A person is deafblind if they have a combined sight and hearing impairment that causes difficulties with communication, access to information and mobility.
These difficulties are caused by the way that sight loss and hearing loss affect each other even, if taken separately, each sensory impairment is mild.
This includes people with progressive sight and hearing loss. Deafblindness has a significant impact on a person's life, even if they are not totally blind or deaf.
Deafblindness is often referred to as dual sensory loss.
Read more about the symptoms of deafblindness.
Deafblindness most commonly affects older adults, although it can affect people of all ages, including children.
What causes deafblindness?
There are many potential causes of deafblindness. The condition can either be present at birth (congenital) or develop later in life (acquired).
Four basic groups of people who experience deafblindness have been identified, those who:
- are hearing and sight impaired from birth or early childhood
- are blind from birth or early childhood and then later start to lose their hearing
- are deaf from birth or early childhood and then later start to lose their vision
- develop a hearing and sight loss later in life
Congenital deafblindness is often caused by genetic conditions, such as Down's syndrome and CHARGE (a rare condition that can affect various parts of the body including the ears, eyes, heart, nasal passages and genitals).

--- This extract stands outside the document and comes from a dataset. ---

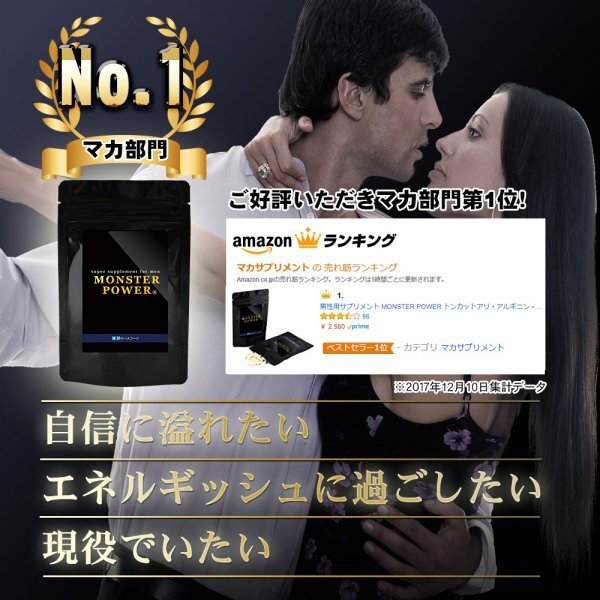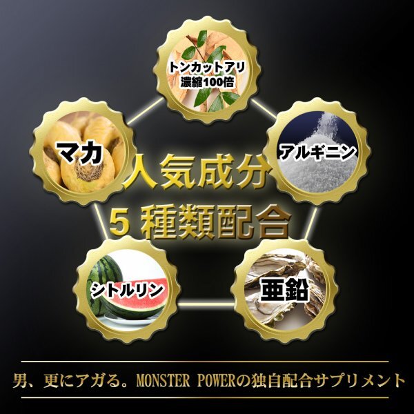 | 【成分】 | L-アルギニン、トンカットアリエキス末、 酵母(セレン、亜鉛含有)、有機マカ末、L-シトルリン、 ドロマイト(炭酸Ca・Mg含有)、ゼラチン(ブタ由来) |
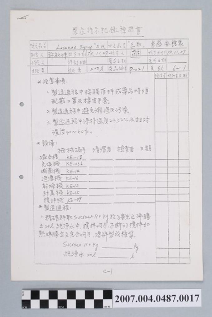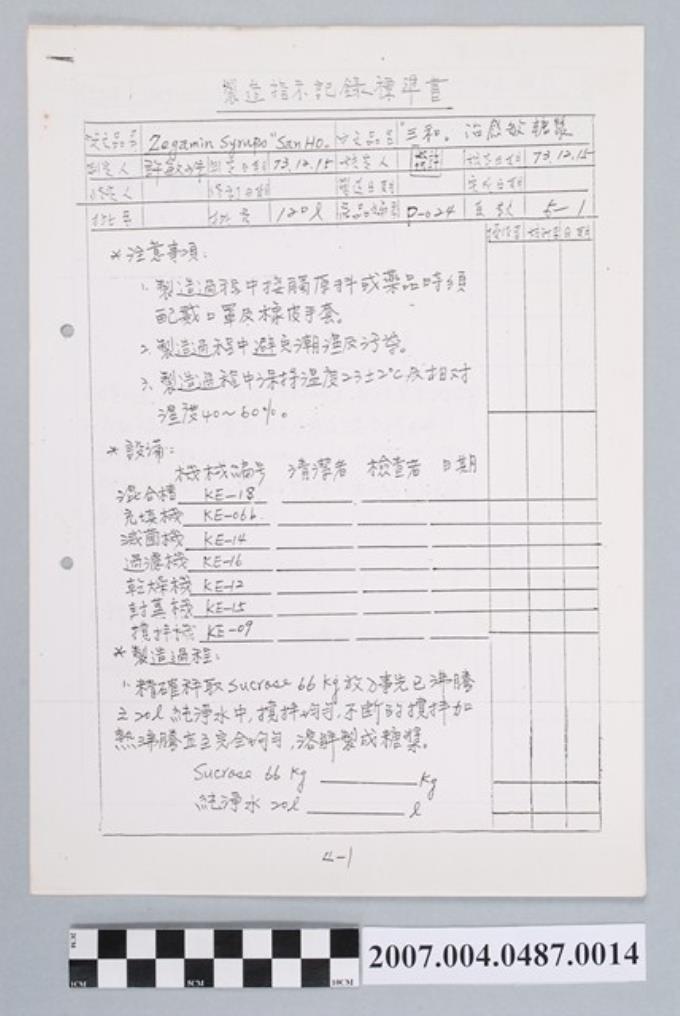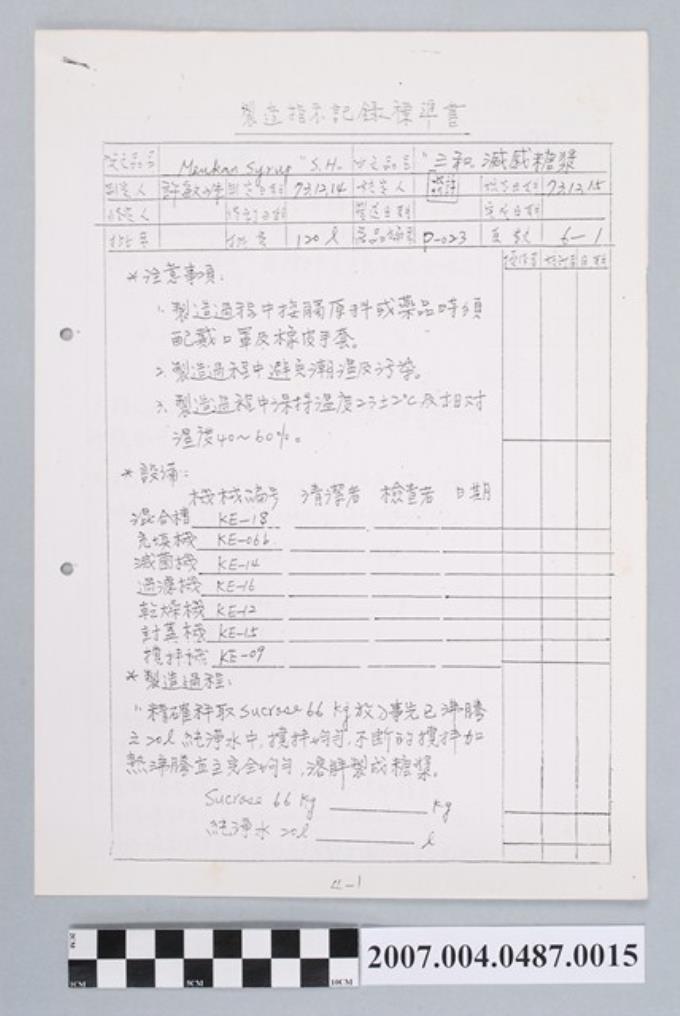 三和滅感糖漿製造指示記錄標準書

Other possible causes of congenital deafblindness include:
- excessive drug or alcohol use during pregnancy
- a viral infection during pregnancy, such as rubella
- a traumatic birth
- premature birth
Acquired deafblindness can be the result of age, illness or injury. Most people with acquired deafblindness have been able to see or hear for most of their lives.
Some people are born without the ability to see or hear and then start to lose their other sense later in life. For example, someone born with a hearing impairment may develop a condition that affects their sight, such as glaucoma, when they are older.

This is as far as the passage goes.